I think best thing you can do at your age is stop and do some PCT and see where you T levels are.  If they don't come up to normal, you will have to get on TRT.


----------



## supreme666leader (Jun 25, 2021)

my plan next year is to do test deca and maybe an oral in the winter then take a break for a few months and try test/tren in the summer. since deca stays in your body so long you guys think it would be better to pct after first cycle or cruise til 2nd cycle? if so at what dose of test? any cons with doing this like not giving your body a break or is that not a factor?


----------



## FUA225 (Jun 25, 2021)

supreme666leader said:


> my plan next year is to do test deca and maybe an oral in the winter then take a break for a few months and try test/tren in the summer. since deca stays in your body so long you guys think it would be better to pct after first cycle or cruise til 2nd cycle? if so at what dose of test? any cons with doing this like not giving your body a break or is that not a factor?

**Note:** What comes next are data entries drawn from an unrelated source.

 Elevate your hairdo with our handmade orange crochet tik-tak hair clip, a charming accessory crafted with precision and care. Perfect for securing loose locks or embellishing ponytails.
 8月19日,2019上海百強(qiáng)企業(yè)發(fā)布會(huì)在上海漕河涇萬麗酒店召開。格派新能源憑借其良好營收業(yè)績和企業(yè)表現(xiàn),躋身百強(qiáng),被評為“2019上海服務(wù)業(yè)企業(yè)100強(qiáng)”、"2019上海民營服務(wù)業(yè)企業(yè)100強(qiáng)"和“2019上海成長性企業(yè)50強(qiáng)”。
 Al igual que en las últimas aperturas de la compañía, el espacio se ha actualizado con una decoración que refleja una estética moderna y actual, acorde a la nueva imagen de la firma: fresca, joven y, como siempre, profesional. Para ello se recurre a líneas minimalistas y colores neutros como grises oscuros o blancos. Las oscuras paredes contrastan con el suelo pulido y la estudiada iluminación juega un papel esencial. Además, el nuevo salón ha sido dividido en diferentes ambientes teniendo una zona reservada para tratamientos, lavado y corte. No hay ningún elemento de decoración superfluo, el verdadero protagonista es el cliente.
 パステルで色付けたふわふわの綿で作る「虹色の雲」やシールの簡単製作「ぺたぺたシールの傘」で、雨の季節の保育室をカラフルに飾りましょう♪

Depends on what you wanna do and how serious you are about taking aas. For me I knew I wasnt going to stop anytime soon so I decided to cruise and keep my hormones a bit more stable and keep my gains instead of coming off and running a pct just to blast again in a few months. The guys here will be able to help you out dude. Bloodwork bloodwork bloodwork


----------



## supreme666leader (Jun 26, 2021)

thanks, im in a state where i think its very hard or impossible to get private bloodwork tho. Ive just been being cautios going by how i feel to be completely honest since i dont really have much of a choice right now. Know dosing test like that without bw may be tricky.

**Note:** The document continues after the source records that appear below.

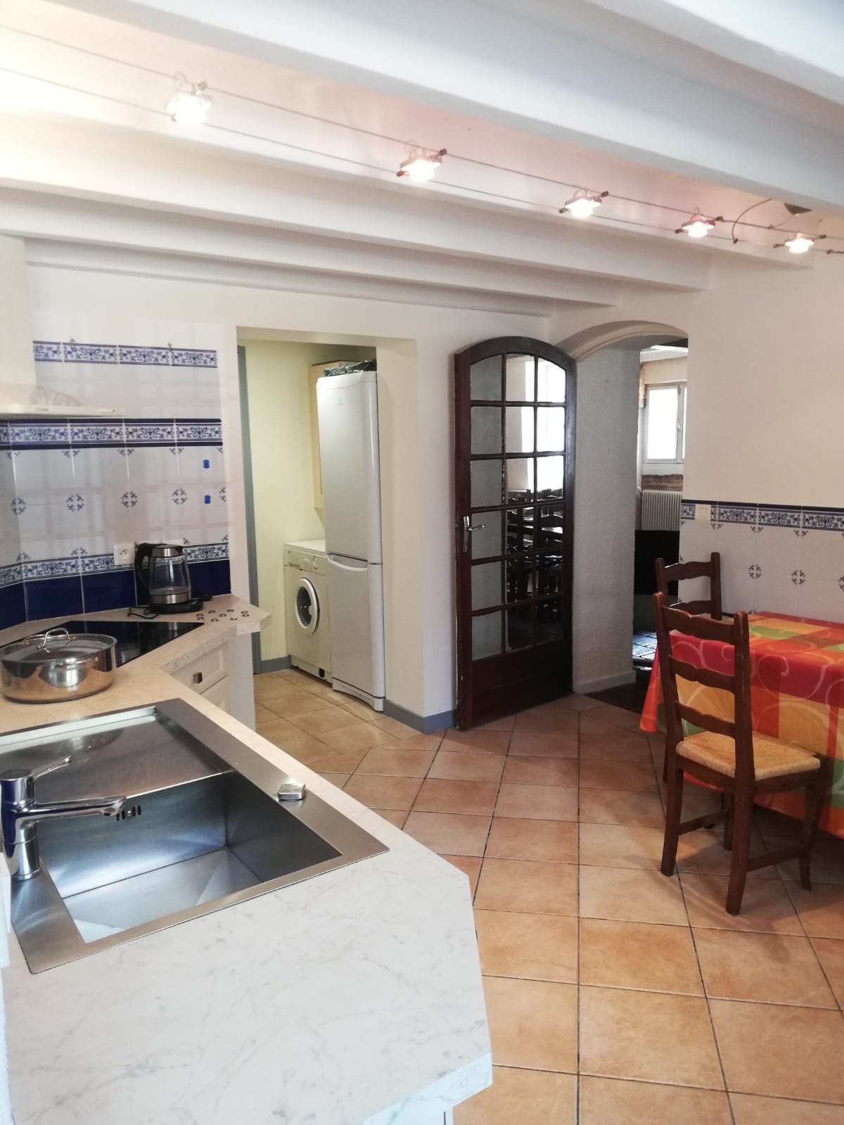 Au rez-de-chaussée : cuisine équipée, WC, salle à manger avec cheminée et coin salon.
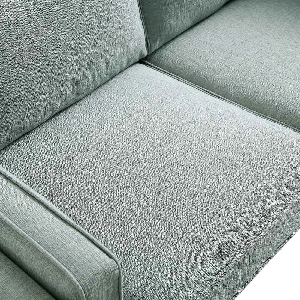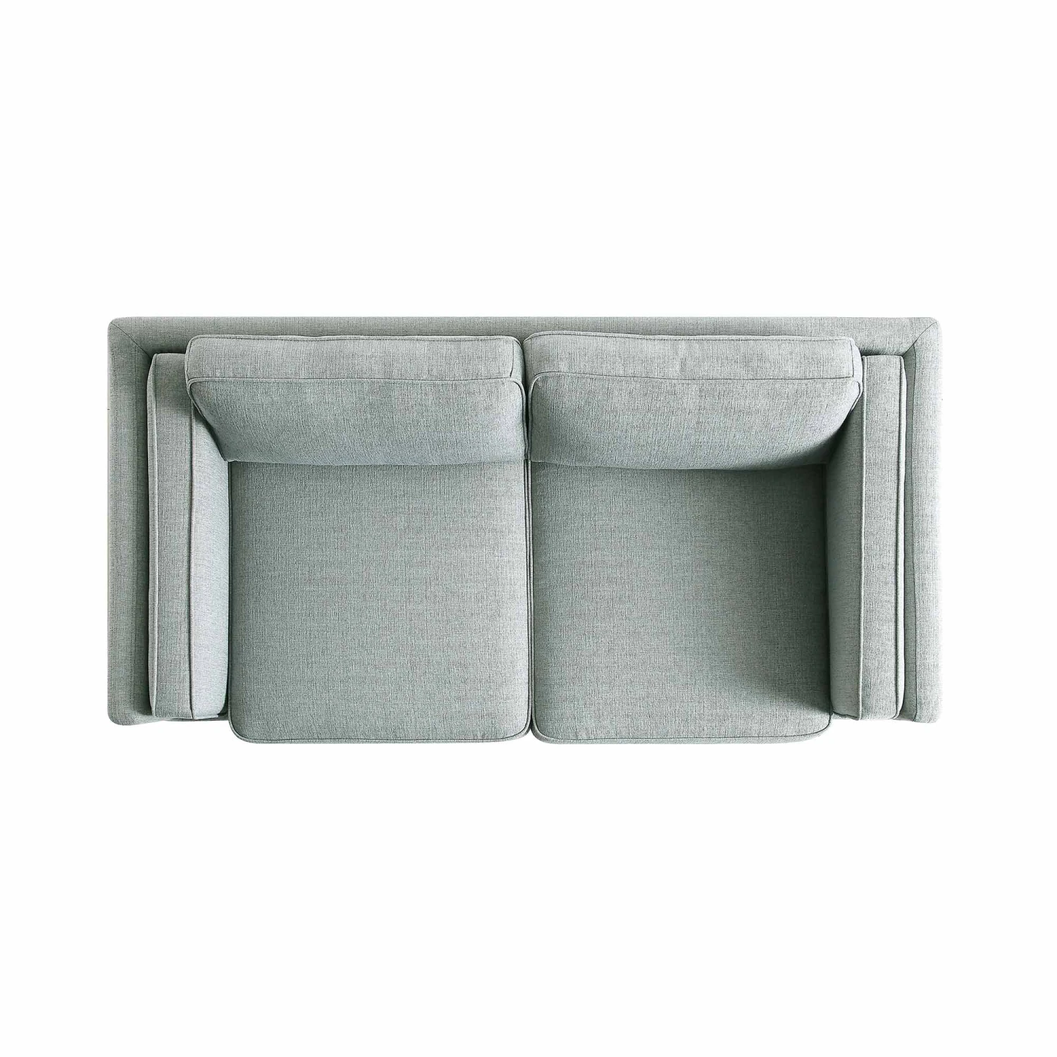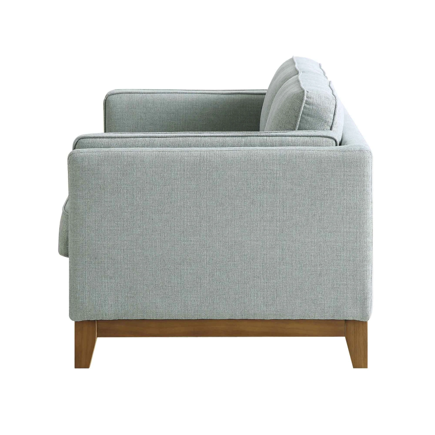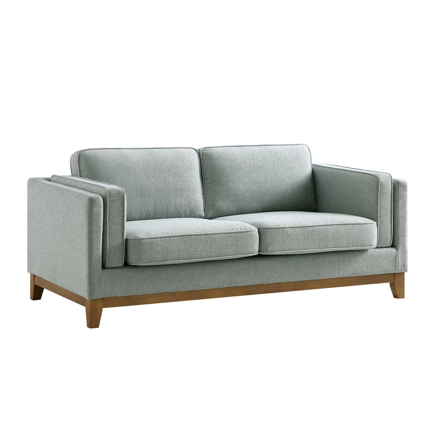 - Designed with track armrests and solid wood base, the sofa features seat cushions composed of springs and foam for a comfortable lounge place
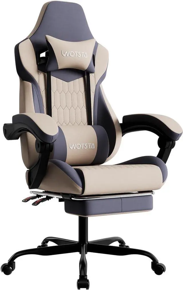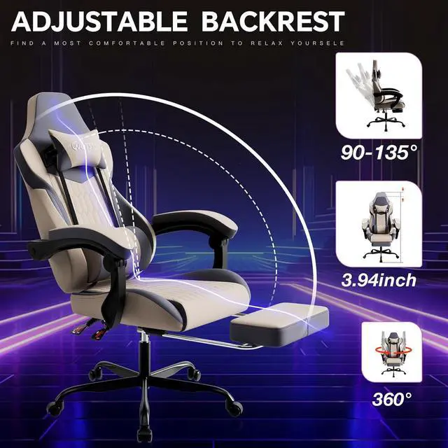 Ergonomic Design for All-Day Comfort & SupportConquer long gaming sessions or workdays with confidence! Our chair is meticulously engineered to support your body' s natural curve. The adjustable headrest and included lumbar massage pillow target key pressure points at your head, shoulders, waist, and hips, transforming your desk into a haven of comfort and helping you maintain focus and posture for hours on end.

I dont plan on stopping, this mild cycle ive done has made me into a different better person, so if i have to do trt doses its really not a huge deal, as long as its safe.


----------



## BrotherIron (Jun 26, 2021)

supreme666leader said:


> thanks, im in a state where i think its very hard or impossible to get private bloodwork tho. Ive just been being cautios going by how i feel to be completely honest since i dont really have much of a choice right now. Know dosing test like that without bw may be tricky.
> 
> I dont plan on stopping, this mild cycle ive done has made me into a different better person, so if i have to do trt doses its really not a huge deal, as long as its safe.



Safe is relative in the sense that you need to run BW to see what your levels are and not just your test levels.


----------



## MrBafner (Jun 26, 2021)

I am a person that has to be on lifetime TRT from an accident at a young age .. or I can have surgery. I have been seeing an endocronologist since I was 17yo and now I'm over 50yo. 
I can tell you it has been a journey over the past 35 years of having this stuff .. when I stop taking test I gain massive amounts of weight super fast and it isn't muscle, when I stay on test I lose that weight and go back to looking like I do weights.
I can do the same weight training throughout and can have massive differences .. stopping TRT for me I can gain 20kg pretty quick, having TRT I can manage my weight.
I however found that test by itself causes many difficulties for me .. such as water retention, and absolutely no changes in muscular development - as hard as I try, even on big doses of test I get no gains at all.
I need to compliment test with other active ingredients to obtain any development at all. It's pretty weird .. I can feel some things like boldernone give the testosterone extra life.
Other active ingredients help with water retention, and some I just take to put on size (well hope to put on size).
So yeah .. it is a life time experience, however there are avenues you need to take over time to make it work for you.


----------



## supreme666leader (Jun 26, 2021)

BrotherIron said:


> Safe is relative in the sense that you need to run BW to see what your levels are and not just your test levels.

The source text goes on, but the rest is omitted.